Monday, September 19, 2016

Indignation

Philip Roth has written another witty, snappy coming of age novel.  He once again has set the scene in Newark NJ with a young high school graduate about to leave his family and his job assisting his father in the kosher butcher shop as he heads off to college.

This wonderful novel has been also turned into a movie that I went to see last night.  I find it interesting that someone would want to make a movie from this title.  The movie stayed very close to the original, just two changes are made to the original story that I guess make it easier to explain the story line in less time.  Seeing the movie made me pull the book off my bookshelf and reread the plot to delve back into Roth's world of a Jewish young man facing being Jewish on a Midwestern college campus and the Anti-Semitism on colleges campuses in the 1950s.
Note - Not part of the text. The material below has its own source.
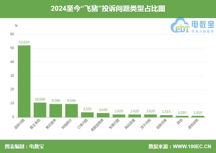 此外,國內知名網絡消費糾紛調解平台“電訴寶”受理用户維權案例顯示,“飛豬”還涉嫌存在退款問題、售後服務、霸王條款、網絡欺詐、高額退票費、訂單問題、退換貨難、發票問題、貨不對板、商品質量、其他等問題。

The protagonist in this story, Marcus Messner,  is also faced with the challenge of a relationship with a young troubled woman.  He gets involved romantically with her, though he knows it will lead to trouble.  All the problems he experiences on his first journey into the larger world, from his protected childhood, are experiences of growing up.  He grapples with foolishness, intellectual resistance, sexual experimentation, courage and error.  Trying to escape what he perceives as overprotectiveness of his father and the Korean War, Marcus heads to a small college in Ohio.  He is assigned to a dorm room with other Jewish students who make up a very small minority of the students on campus.  He is rushed by the Jewish fraternity and resists at first.  He gets romantically involved with a beautiful blond girl, who he doesn't realize has a troubled past.  The choices he makes in each of these relationships pushes him further into the final results of his follies.

The book is a statement of the times and of how the choices we make in life lead each of us in the direction our lives will take.  That each of us, while we are in the middle of life cannot see where we are heading, but that each decision leads to the next.